A woman with osteoarthritis and incredible perseverance spent lockdown finishing a tapestry that has been 42 years in the making.
Mary Daykin, 75 and living in Taverham, near Norwich, bought the blank fabric at a market in Saint-Jean-de-Monts in the south of France over four decades ago while on holiday with her family.
Travelling extensively round England and Scotland because of her husband's job as a Littlewoods retail manager, the incomplete 42 x 30 inch tapestry would go with them - and straight into storage.
Every so often the Sunderland-born florist would get it out the cupboard, spend a week doing six inches of the cross-stitch template in one of the corners, and then put it away again.
"Life kept getting in the way", she said. "It's so painstaking and takes ages to do a tiny bit.
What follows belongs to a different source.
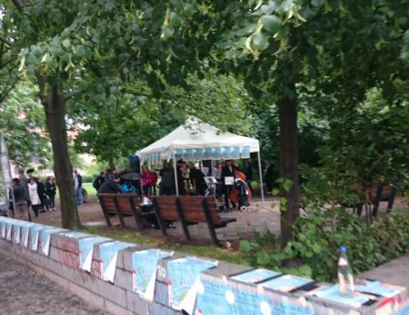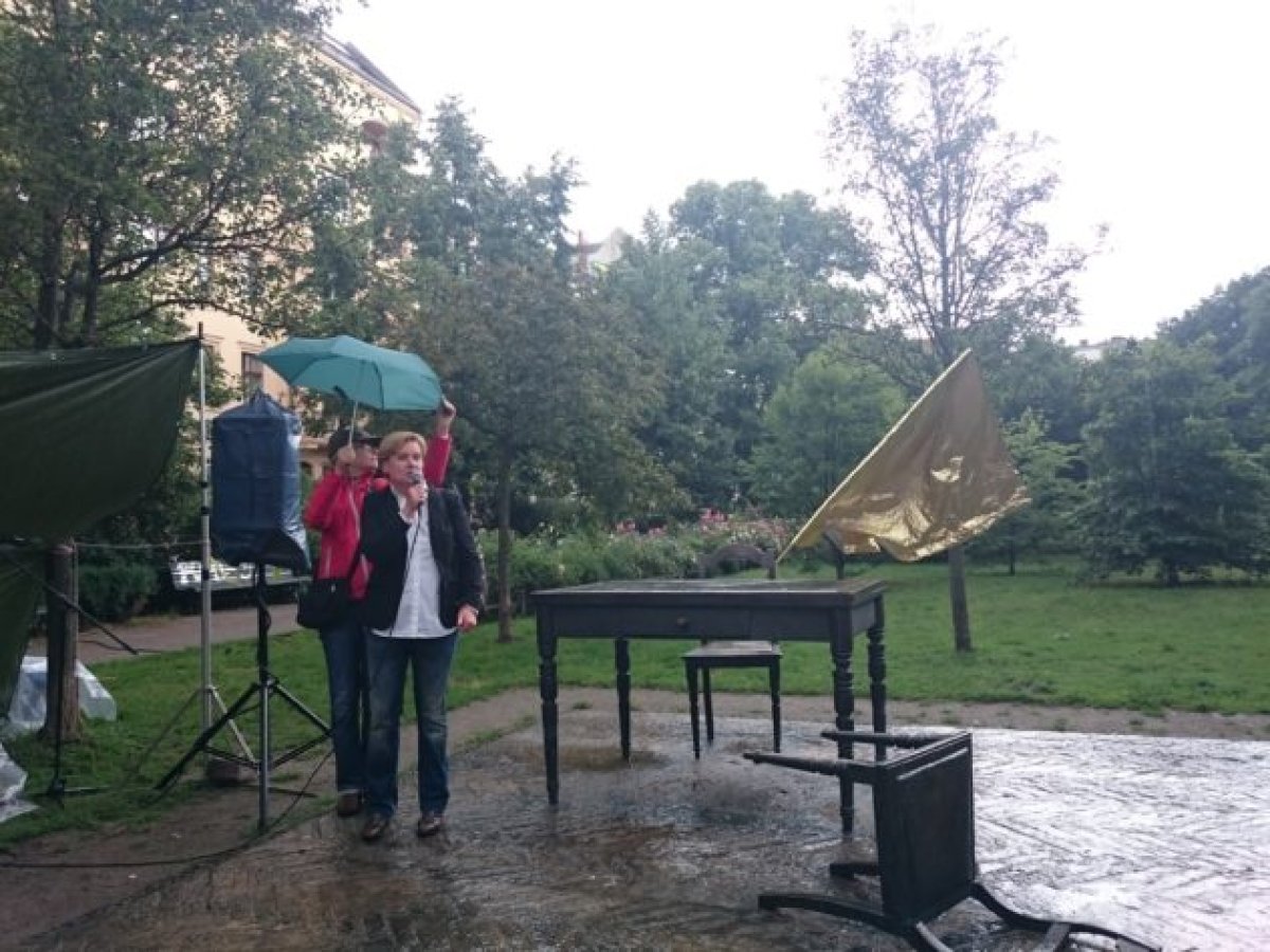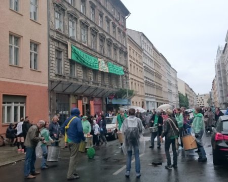 Obwohl die Anwohner_innen in der Spandauer Vorstadt nicht mehr direkt vom Aufmarsch betroffen waren, fanden die Kundgebungen sehr erfolgreich statt und dies trotz der sehr schlechten Wetterverhältnisse. Insgesamt beteiligten sich etwas vierhundert Menschen an den Kundgebungen, um ein klares Zeichen gegen Rechtsextremismus zu setzen. Die Nachbarschaft, viele in Begleitung ihrer Kinder, stand gemeinsam im Kiez gegen Rechtsextremismus auf. Eine tolle solidarische Stimmung wurde umrahmt von einem vielfältigen Programm mit Trommeln und Couchsurfing in der Ackerstraße, Chorgesang und dem Vortrag von Lebensgeschichten im Nationalsozialismus deportierter jüdischer Anwohner_innen auf dem Koppenplatz, bishin zu literarischem und musikalischen Programm auf der Kundgebung Gipsstraße/Augustraße. Auf der Kundgebung des Berliner Bündnis für ein weltoffenes und tolerantes Berlin am Monbijouplatz sprachen Verteter_innen vom DGB, der evangelischen Kirche, der AWO-Mitte und vom Türkischen Bund Berlin Brandenburg - TBB. Auf den Anwohner_innenkundgebungen sprachen die Bundestagsvizepräsidentin Petra Pau (Die Linke) und die Politiker_innen aus dem Bezirk Mitte Eva Högl (MdB/SPD), Özcan Mutlu (MdB/ Bündnis 90/Die Grünen) und Frau Jasper-Winter (MdA /FDP).

You have to keep changing the colours of the wool to match the number, and the stitching is so intricate it feels like one part takes you forever."
But lockdown changed all that - and gave Ms Daykin the perfect opportunity to do what she'd been meaning to for years.
"I got it out on March 19 last year and didn't put it back in the cupboard", she said. "I thought, if it's there in front of me, it'll compel me to finish it."
She went on: "I do jigsaws to keep my brain working, and I decided I wasn't allowed to do any more jigsaws until I'd finished my tapestry.
"I spent hours on it every single day in lockdown. The weather was superb, so a lot of the time I was just sitting stitching in my garden.
"I actually find it quite therapeutic."
The tapestry, named "A Bridge Somewhere in France", was bought when Ms Daykin's daughter was 11. She's now 54.
"I finally finished this one on February 3 of this year", she explained. "My daughter then asked me if I wanted another one for my birthday but the answer was a resounding no.
"I really need to give my fingers and eyes a rest I think. I have osteoarthritis which would flare up in my knuckles sometimes when I was stitching.
"I'm definitely not done with tapestries forever though."